Pip swung about. He’d apparently been listening after all. “There is only one reason a lady of Lady Fia’s quality would elope. Obviously she was in love.”

“Obviously.” Johnston’s head bobbed in innocent agreement.

“Without a doubt,” Robbie concurred.

Pip nodded gruffly and went back to studying Fia.

“How did Carr take the news of his daughter’s elopement?” Thomas asked.

“Carr?” Robbie’s nostrils flared delicately, as though scenting tainted meat. “Can’t recall. Though later MacFarlane and he became boon companions. The two were inseparable.”

“Lady Fia must have been relieved there was such accord between her father and her husband,” Thomas said.

“One couldn’t say,” Johnston said. “Lady Fia never came to town. Quite withdrew from society once she’d wed. Spent five years marooned at MacFarlane’s country house. Lord, she must have hated it for—” Johnston leaned forward, glanced circumspectly at Pip’s back, and whispered, “—to be perfectly blunt, she came back into society months before her mourning period was officially over.”

“Who can blame her?” Pip cast about angrily.

Johnston sighed, looking upward as though to ask heaven how the lad’s hearing could be so keen.

“A beautiful young woman like that?” Pip continued. “Kept in some heathenish backwoods when she should be celebrated, admired, and revered? Why, ’twas abominable of MacFarlane to keep her there!”
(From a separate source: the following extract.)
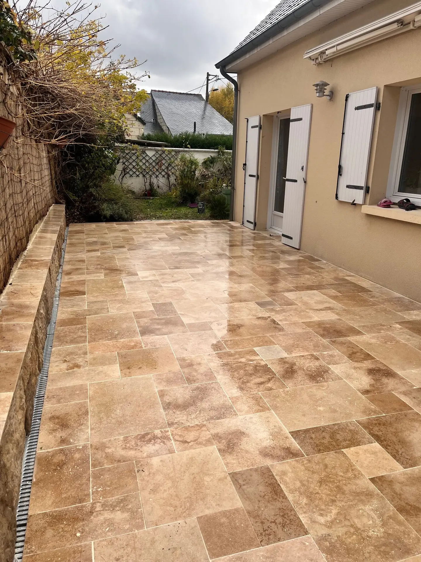 Alliance de chaleur et d’authenticité avec cette terrasse en travertin, sublimée par un parement patrimoine.

“Precisely!” Robbie agreed.

“My thoughts exactly,” Johnston nodded vigorously.

Thomas did not want to ask but the suspicion forming in his mind would not let him remain silent. “Was she able to comfort MacFarlane in his final hours?”

“That’s the tragedy of it!” Pip flung out his hand. “He was in town and she was in the lowlands.”

She hadn’t killed him.

“That’s right,” Johnston agreed. “MacFarlane was here, with that … with Carr. The man ought to be brought up on charges of murder.”